The Working Memory Model was developed by Baddely and Hitch and explains the processes in short term memory only. It comprises of 3 main stores: the central executive, the phonological loop and the visuo-spatial scratchpad.

  • The central executive is responsible for giving attention to information from the other two stores and making decisions about which information is the most important. Rehearsal occurs between the central executive and the other stores.
  • The phonological loop is known as the “inner voice” and holds information in a speech based form; it has a limited capacity.
  • The visuo-spatial scratchpad is known as the “inner eye” and is specialised for spatial and visual coding.

The diagram below illustrates the Working Memory Model:

Research Support for the model (Gathercole and Baddely, 1993)

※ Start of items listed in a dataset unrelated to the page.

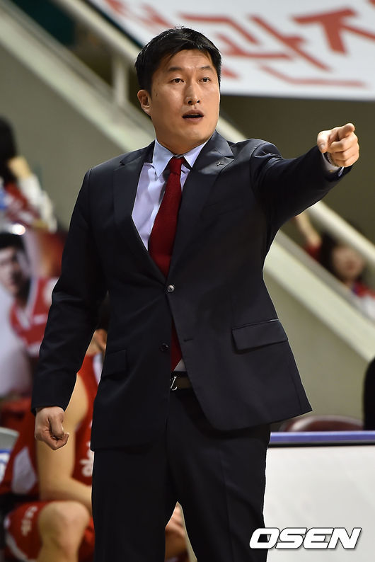 26일 오후 안양실내체육관에서 열린 '2014-2015 KCC 프로농구' 안양 KGC와 부산 KT의 경기, 1쿼터 KGC 이동남 감독 대행이 지시를 내리고 있다.
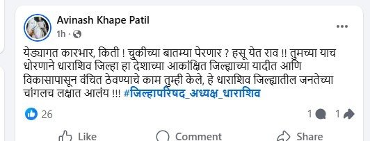 आमदार राणा पाटील यांच्या कार्यपद्धतीवर आणि सध्या सुरू असलेल्या राजकीय घडामोडींवर निशाणा साधताना अविनाश खोपे-पाटील यांनी थेट शब्दांत संताप व्यक्त केला आहे. त्यांनी आपल्या पोस्टमध्ये म्हटले आहे की:
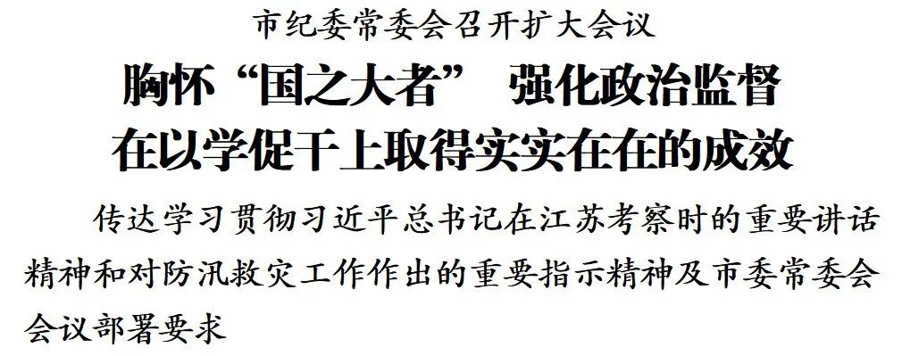 日前,市纪委常委会召开扩大会议,传达学习习近平总书记在江苏考察时的重要讲话精神和对防汛救灾工作作出的重要指示精神及市委常委会会议部署要求,研究贯彻落实措施。市委常委、市纪委书记、市监委主任陈辐宽主持会议并讲话。
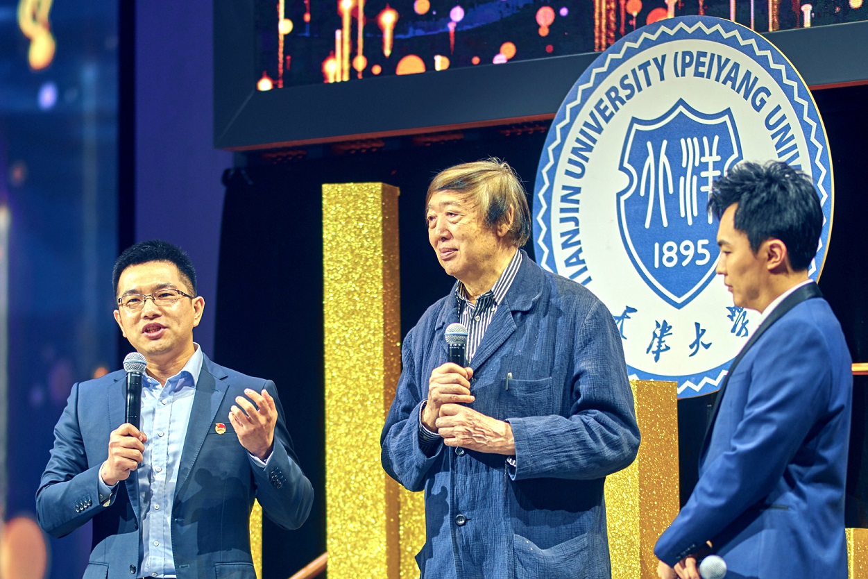 “我是跨时代的人,是共和国的同龄人,我听过解放天津的炮声,到现在还清晰地留在记忆力。我的文学创作与改革开放同步。我和祖国、人民、时代共命运。”在歌会现场,冯骥才教授侃侃而谈。天大师生优秀代表无疑成为了本场歌会最耀眼的“明星”:当代著名作家、画家、文化学者,天津大学教授冯骥才;讲述天大品格和校歌故事的校史文化专家王杰教授;第23届"中国青年五四奖章"入围人选齐俊桐教授;来自天津大学生物合成团队、深海机器人“海燕”团队、神经工程“天宫二号”脑机对接团队、大型地震工程模拟研究设施团队、港珠澳大桥设计团队、C919大型客机座舱环境控制系统团队、助力”嫦娥探月“的空间力学团队、“中国天眼”主动反射面液压促动控制器研发团队代表等天大“追梦人”走上舞台,寄语青年一代,畅谈五四精神,抒发家国情怀,让现场学子们接受成长洗礼,收获榜样的力量。
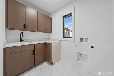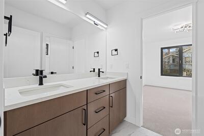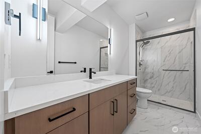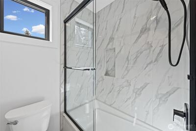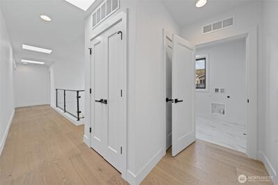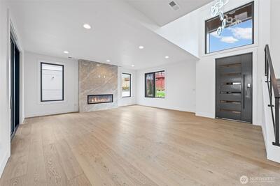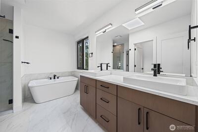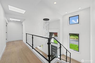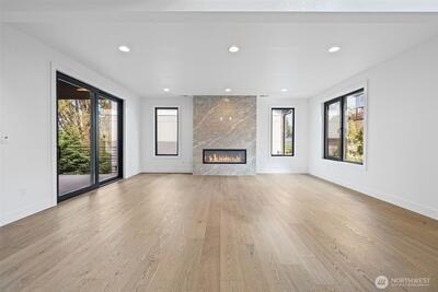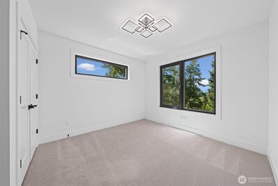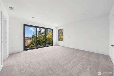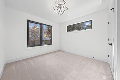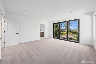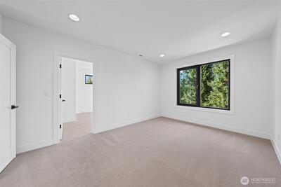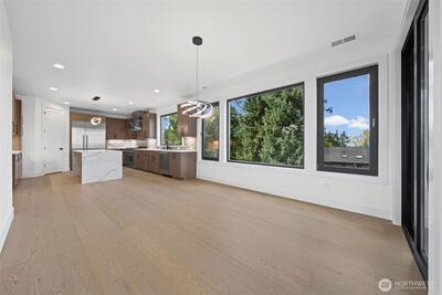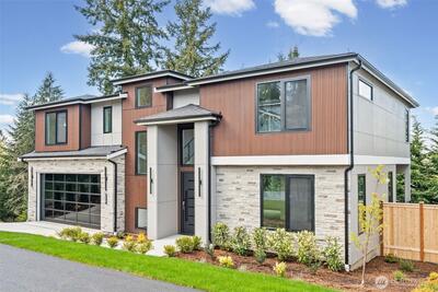 Triton Homes presents this masterfully crafted Northwest contemporary, setting a new benchmark for luxury living in Bellevue's coveted Eastgate neighborhood. Every detail has been intentionally curated — from the flowing open floor plan to the premium finishes — creating an environment that feels equally suited to quiet evenings at home and sophisticated gatherings. Floor-to-ceiling triple-pane aluminum/vinyl windows bathe the interiors in natural light while framing captivating peeks of Lake Sammamish. Beyond their visual impact, these windows deliver superior thermal performance and acoustic dampening, making this home as efficient as it is beautiful. The chef's kitchen anchors the main living space with top-of-the-line Thermador appliances and a design aesthetic that blends culinary function with gallery-worthy style. A commanding metal entry door and bold architectural detailing make an immediate impression, signaling the caliber of what lies beyond the threshold. Throughout
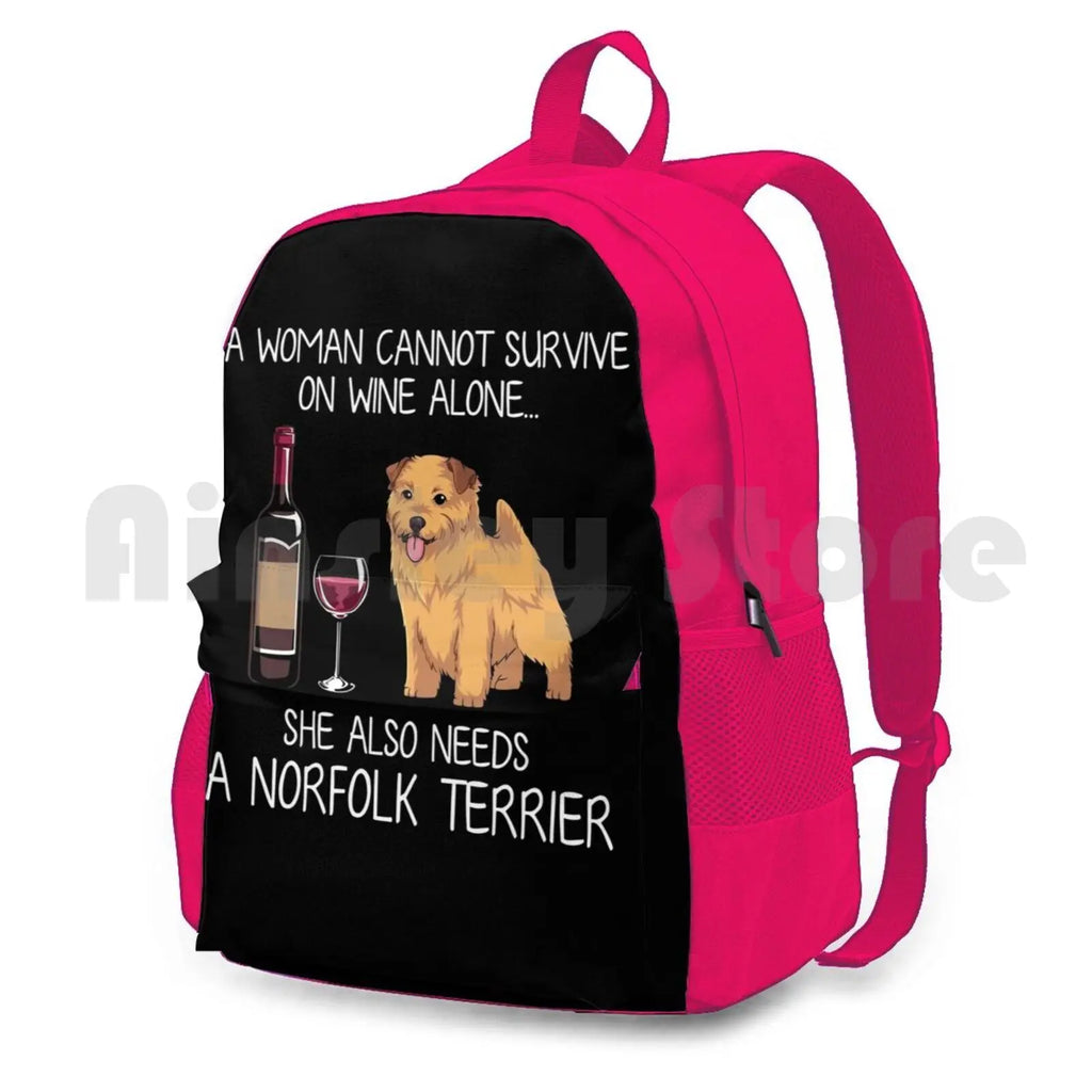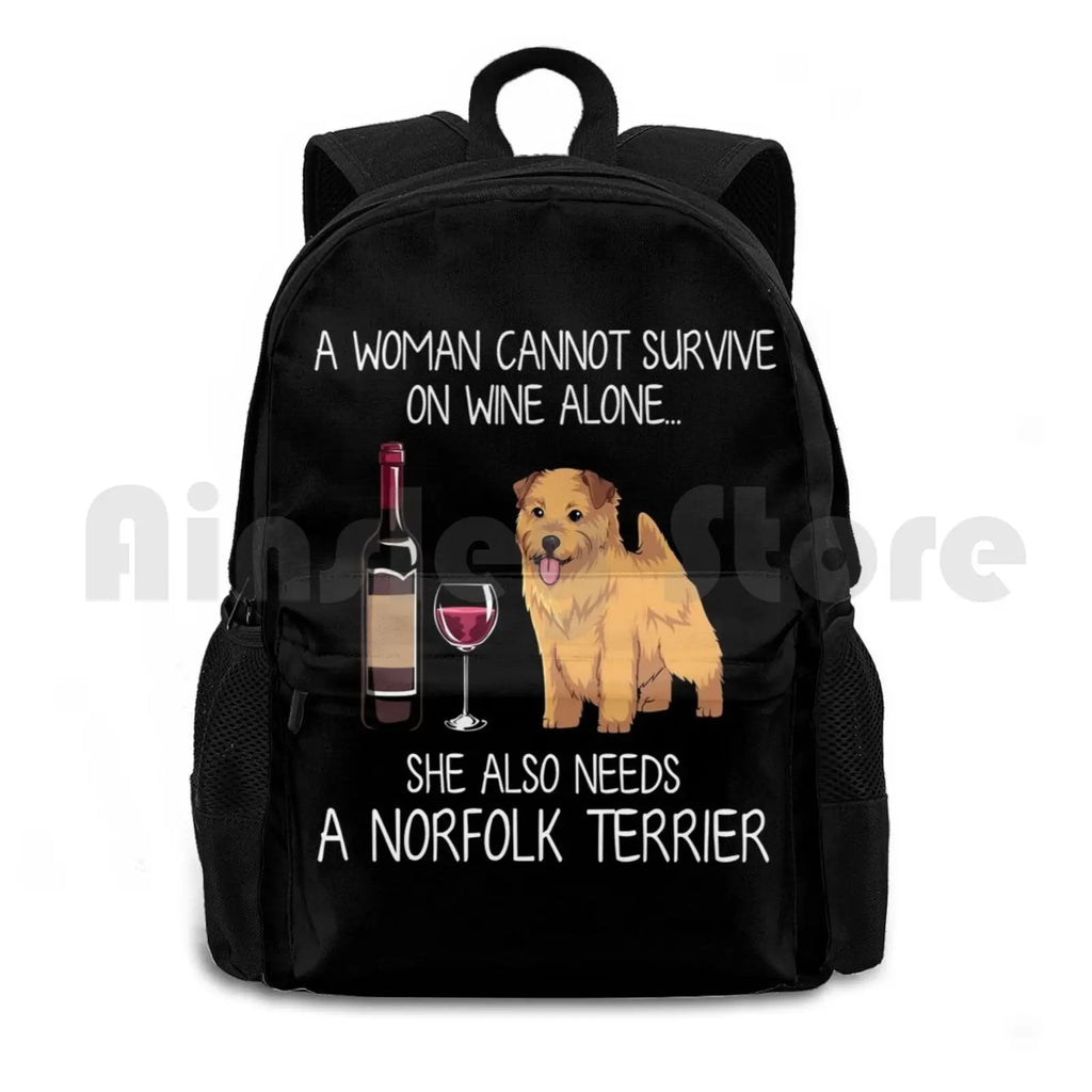 Norfolk Terrier And Wine Funny Dog Outdoor Hiking Backpack
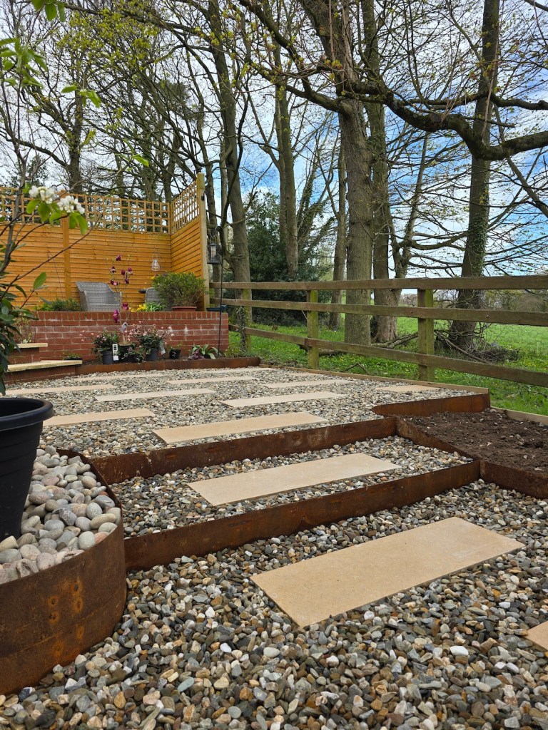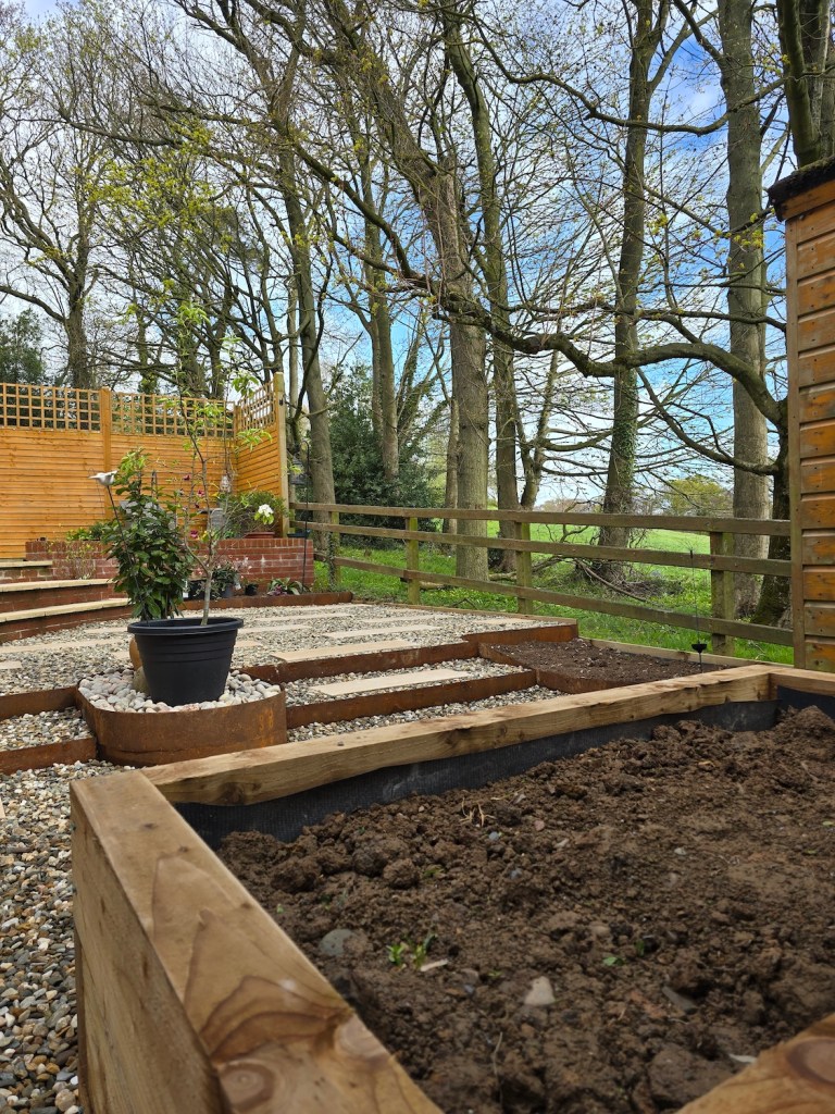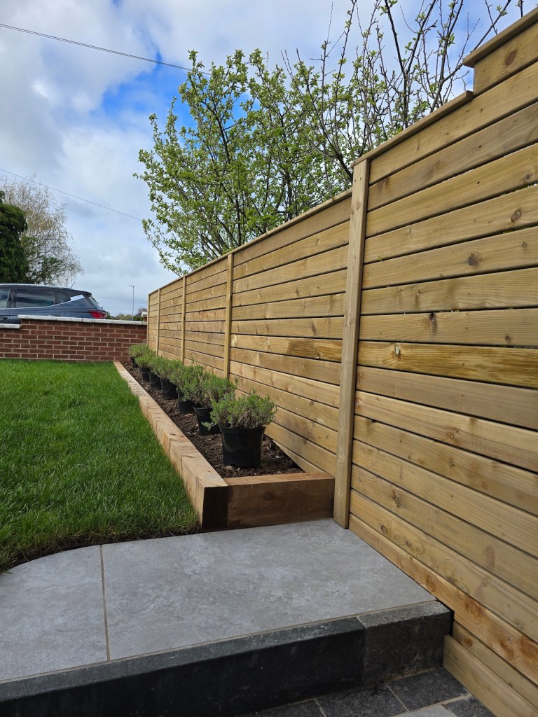 - Added a raised herb bed using sleepers, creating a practical and attractive finishing detail

  • Participants were asked to follow a moving spot of light with a pointer (visuo-spatial scratchpad task).
  • Half were also asked to to describe the angles on a letter ‘F’ (visuo-spatial task) while the other half were asked to perform a verbal task (phonological loop task) at the same time.
  • Participants in the first group found this much harder because they were using the same store for both tasks.
  • The research supports the existence of both the phonological loop and the visuo-spatial scratchpad and the limited capacity of these stores.

Evaluation

  • Strength- much more detailed information about the processes involved in short term memory making it superior to the multi-store model in this respect.
  • Strength- highlights that memory is an active process rather than being passive.
  • Strength- it has a practical application to the real world- dyslexia can affect either the phonological loop or the visuo-spatial scratchpad and therefore strategies can be put into place to help with reading and writing.
  • Weakness- it only looks at short term memory- there is no explanation about how information is transferred between short and long term memory.
  • Weakness- it has highlighted the role of sensory memory but ignored most of the senses- e.g- touch, smell, taste
  • Weakness- very little is known about the decision making activities of the central executive.